Platforms like Pulse will also show you what loans and other financial products you could access with your credit rating. If you are eligible for a personal loan and want to apply, the other documentation you will need is:

  • Proof of identity in the form of a clear copy of your South African identity document.
  • Proof of residence such as a recent utility or rates invoice or similar document confirming your residential address. The document should be less than two months’ old. If you are renting or have a PO Box rather than a street address you will need to provide some other form of confirmation, such as an affidavit from your landlord.
  • Proof of income, such as recent payslips or bank statements for the past three months.

These are the basic requirements. In some cases, applicants may be asked for additional information. For example, people married in community of property may need their spouse’s permission.

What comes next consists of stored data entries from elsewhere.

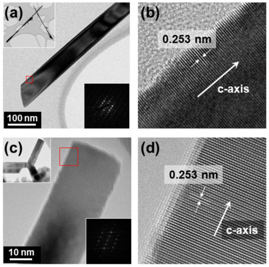 In addition to the morphology analysis using SEM, TEM was employed to confirm the detailed crystal structure of synthesized ZnO. The representative TEM results of the ZnO nanowires and tetrapods synthesized using compressed air are shown in Figure 4. The analyzed nanowires had a diameter of 71.5 nm and a length of 2.5 μm. The selected area electron diffraction (SAED) pattern analysis confirmed that single crystal ZnO nanowires of a hexagonal crystal structure and space group of P63mc were synthesized (Figure 4a). The interlayer distance was found to be 0.253 nm which is approximately half of the 0.518 nm lattice constant of ZnO [JCPDS file No. 79-0205] in Figure 4b, and it was confirmed that the axial direction of the wire was the C-axis direction of the crystal structure (Figure 4b). In the case of tetrapod-type ZnO, the diameter was measured to be 25.8 nm and the length ranged from 106–140 nm. Fast Fourier transform pattern (FFT) analysis confirmed that the tetrapod-type ZnO was also monocrystalline (Figure 4c). The interlayer distance was also measured to be 0.253 nm, and it was confirmed that the axial direction of each pod was the C-axis direction of the crystal structure (Figure 4d).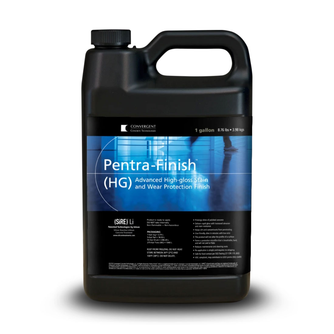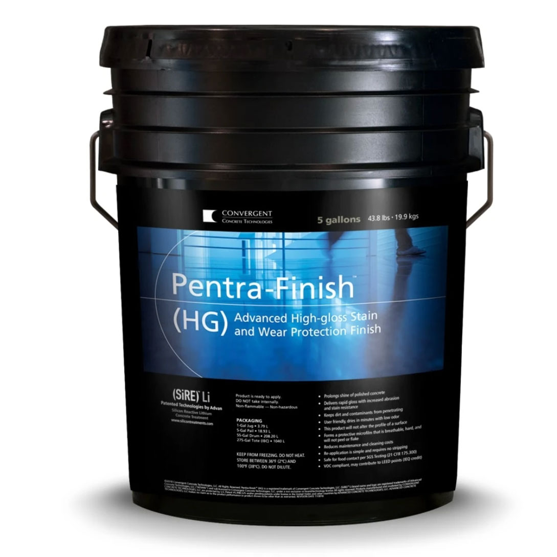 Pentra-Finish (HG) is a high-gloss, fast-drying lithium sealer that creates a microfilm on polished concrete, stone, terrazzo, masonry and other cementitious surfaces. This easy-to-use finish increases shine, enhances color and improves resistance against abrasion and stains. Pentra-Finish™ (HG) generally increases the coefficient of friction on polished surfaces. This non-toxic solution is ideal for integrally colored, dyed and stained polished concrete and is VOC compliant.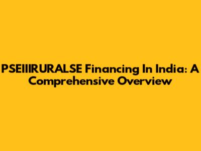PSEIIIRURALSE Financing In India: A Comprehensive Overview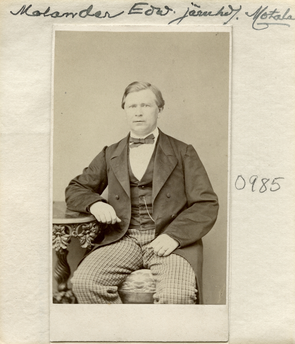 Porträtt av järnhandlare Edward Molander. Född i Västra Stenby 1824 som son till kronolänsman Eric Gustaf Molander och dennes maka Hedvig Blomberg. Redan under sitt födelseår flyttade familjen emellertid till Åtvidaberg där fadern erbjudits tjänst som inspektor vid baroniets lantbruk. I vuxen ålder inflyttade Molander till Linköping för att tjäna som bodbetjänt hos handlare Otto Gustaf Kjellman, i dennes butik invid Stora torget. Efter några år i lära etablerade han sig 1854 i Motala för att som egen driva järnhandel. Från 1861 var han gift med Regina Henrietta Carlsson.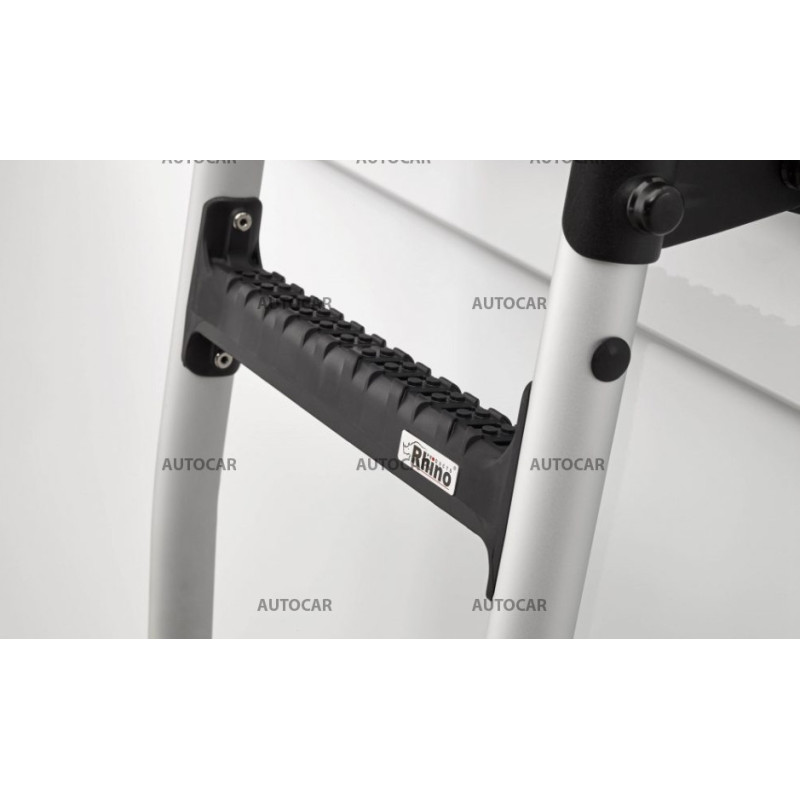 Scara din aluminiu Rhino cu 8 trepte combină rezistența și stilul pentru a oferi unul dintre cele mai plăcute produse de acces pe acoperiș din punct de vedere estetic disponibile pentru vehiculele comerciale. Folosind mânere foarte robuste din aluminiu și trepte din nailon din sticlă, Scara din aluminiu oferă o soluție extrem de ușoară. Fiecare model este cu peste 50% mai ușor decât vechile scări din oțel Rhino și a fost testat temeinic pentru o sarcină de lucru sigură de 120 kg per scară. Nu este potrivit pentru autoutilitare cu geam pe ușa din spate.

The law requires credit providers to check your credit score and collect other information about you, but you have a responsibility to provide information that is accurate and to answer any questions about your expenses and other debt honestly.

“A personal loan can be a useful way to deal with an unexpected and essential expense or improve your situation, but it is a commitment and something you should consider carefully. You must understand that although there are legal and other checks in place to protect you, ultimately it is your responsibility not to borrow more than you can afford to repay,” says Shafeeqah.